Below are entries with pictures in them. Output exactly the lines starting at the line with "仪式结束后,志愿者与项目服务" and ending at the line with "- Kompaktní zahradní", both included, but not the pictures.

### DATA FOR THE TASK
- - - - - - -

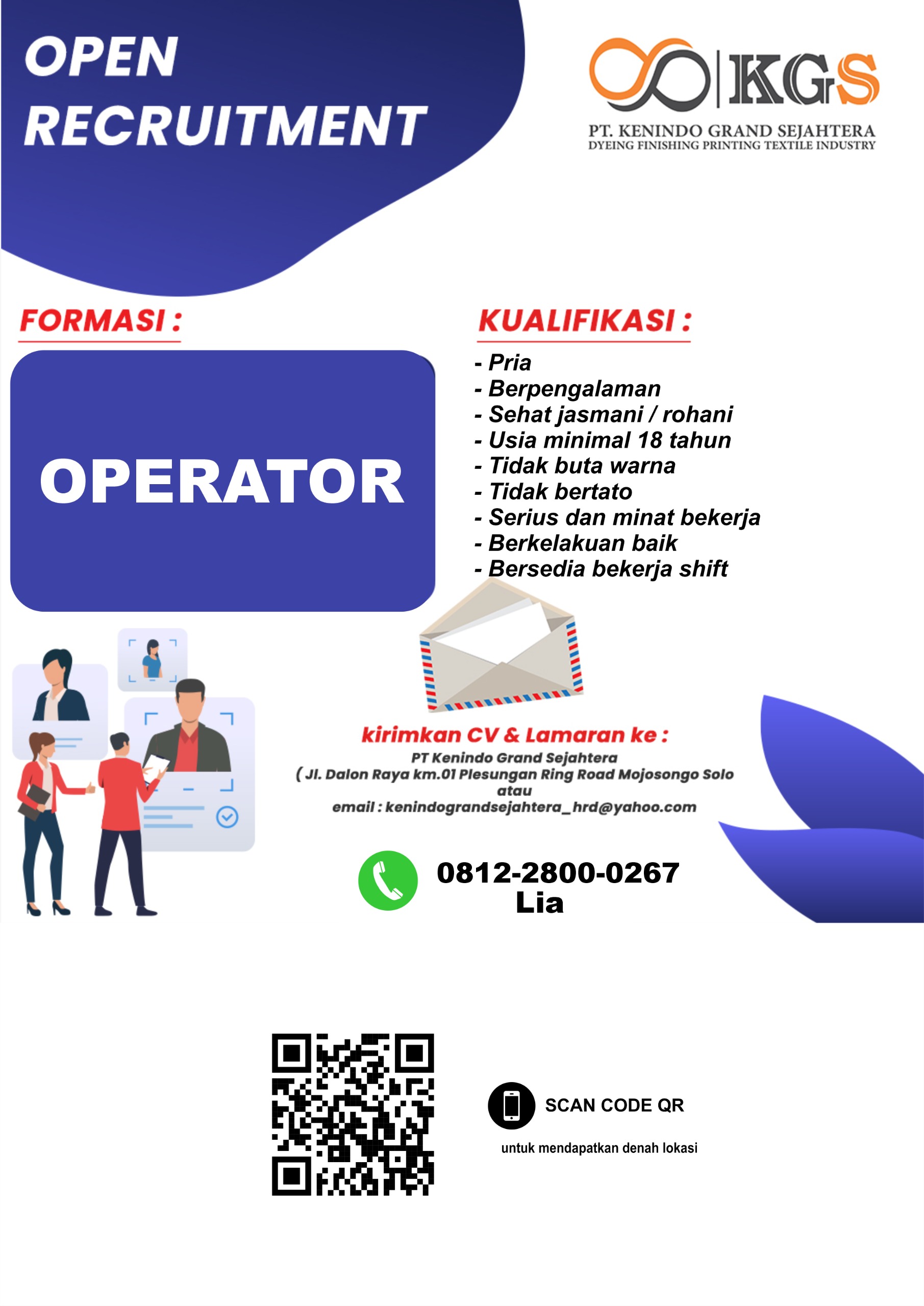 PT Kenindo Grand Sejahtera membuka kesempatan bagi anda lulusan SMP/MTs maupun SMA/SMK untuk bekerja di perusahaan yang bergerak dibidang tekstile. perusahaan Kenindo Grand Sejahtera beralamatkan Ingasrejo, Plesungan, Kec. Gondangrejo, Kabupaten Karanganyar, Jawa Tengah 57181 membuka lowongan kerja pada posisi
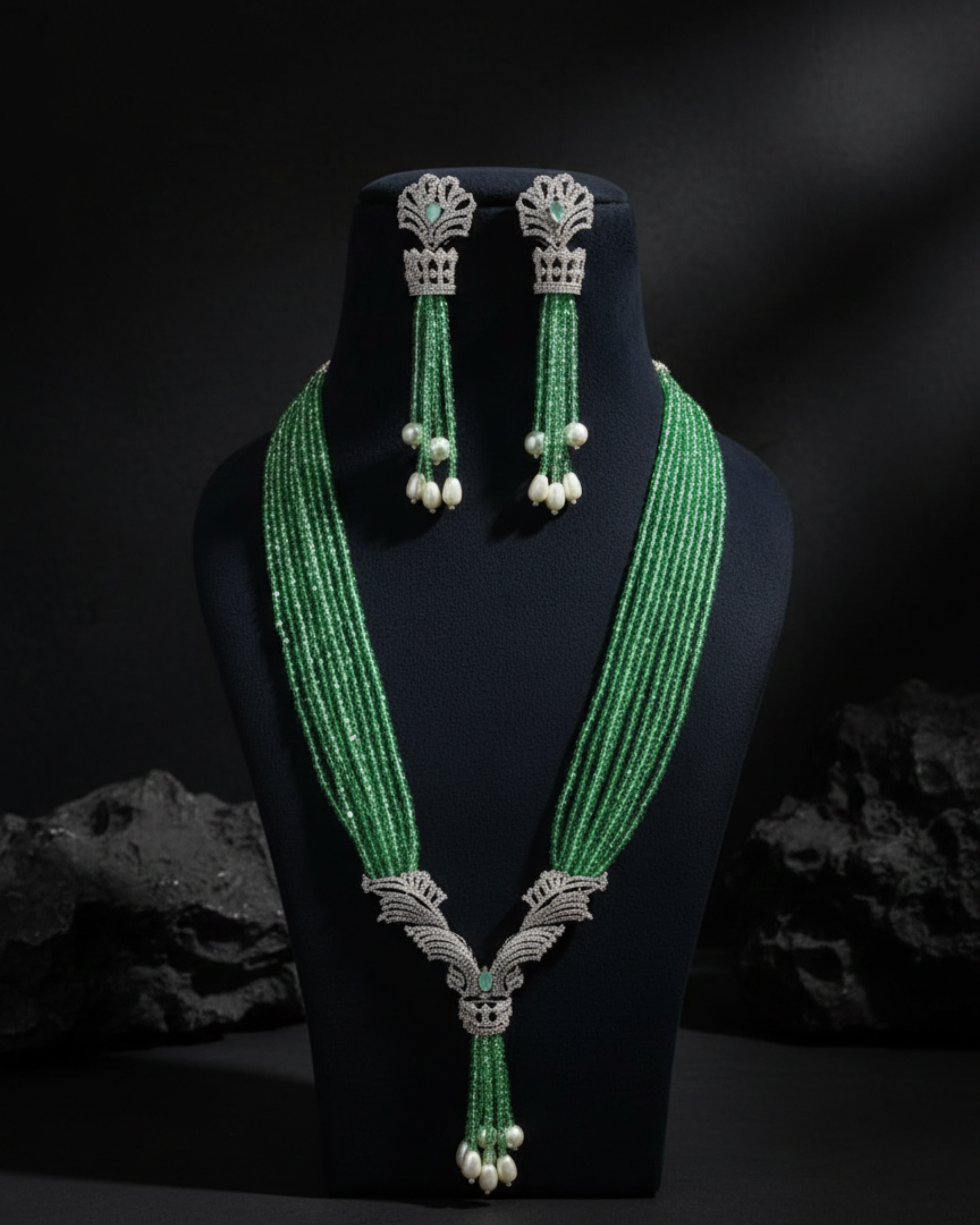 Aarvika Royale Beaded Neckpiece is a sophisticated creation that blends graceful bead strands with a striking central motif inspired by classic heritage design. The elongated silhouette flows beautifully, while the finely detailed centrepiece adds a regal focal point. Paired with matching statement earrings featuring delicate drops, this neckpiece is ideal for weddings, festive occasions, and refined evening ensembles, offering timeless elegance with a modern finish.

- - - - - - -

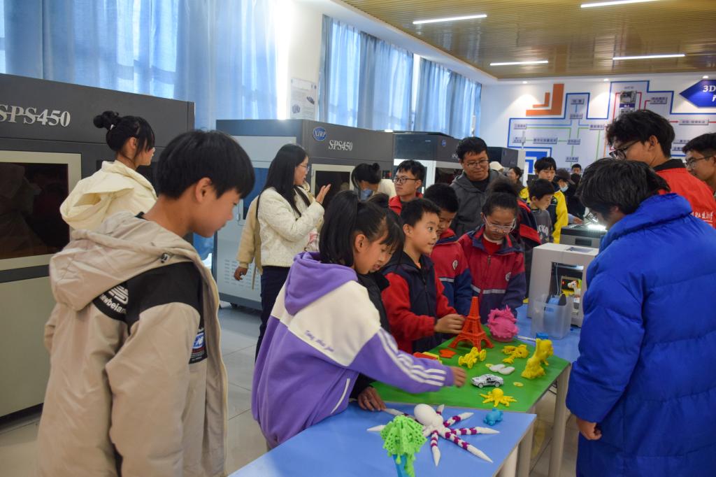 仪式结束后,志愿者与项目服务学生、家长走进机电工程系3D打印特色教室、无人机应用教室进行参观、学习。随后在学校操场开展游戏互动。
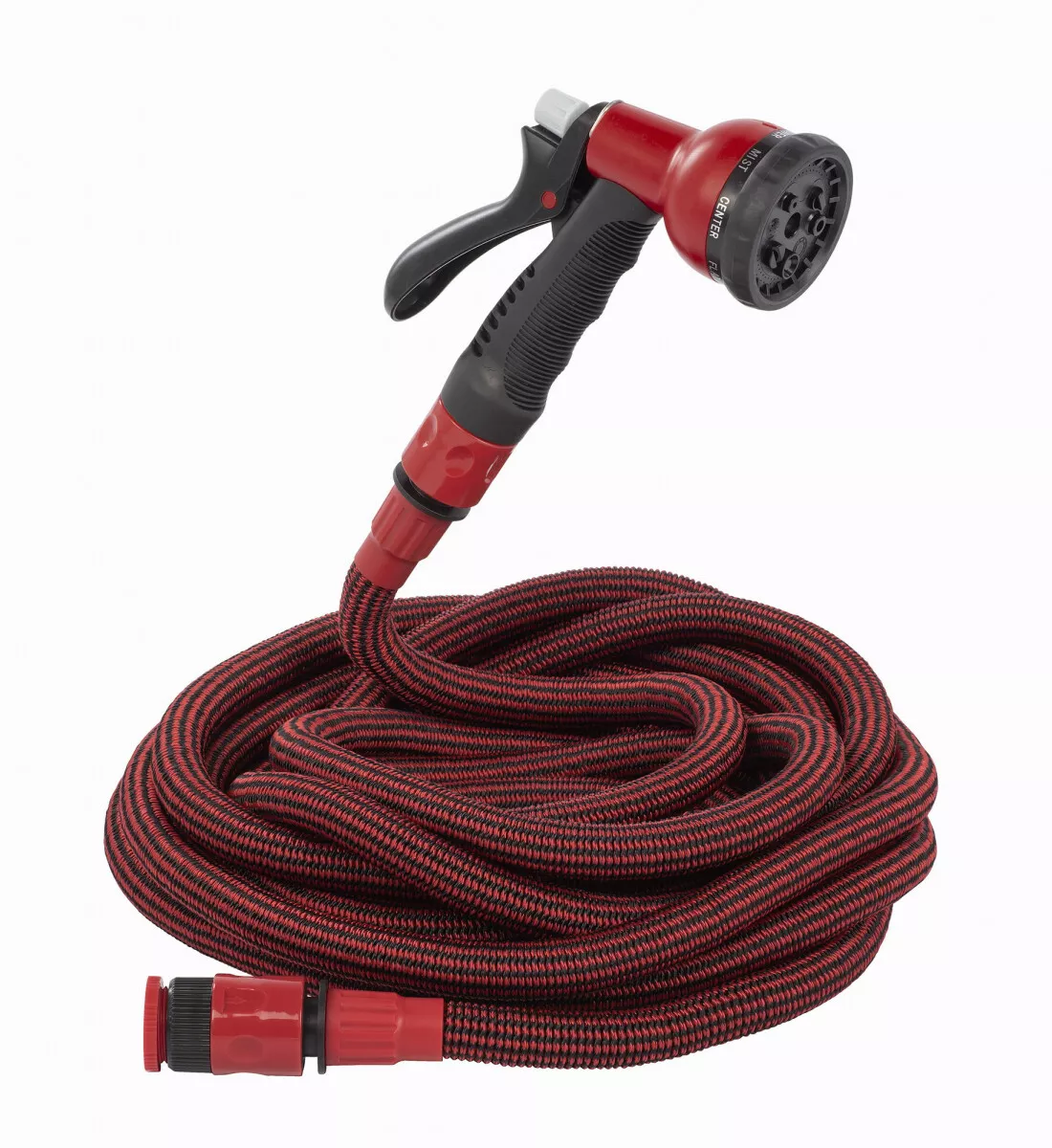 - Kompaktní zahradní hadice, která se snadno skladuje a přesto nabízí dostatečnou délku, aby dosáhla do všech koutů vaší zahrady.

- - - - - - -

### SOLUTION
 仪式结束后,志愿者与项目服务学生、家长走进机电工程系3D打印特色教室、无人机应用教室进行参观、学习。随后在学校操场开展游戏互动。
 - Kompaktní zahradní hadice, která se snadno skladuje a přesto nabízí dostatečnou délku, aby dosáhla do všech koutů vaší zahrady.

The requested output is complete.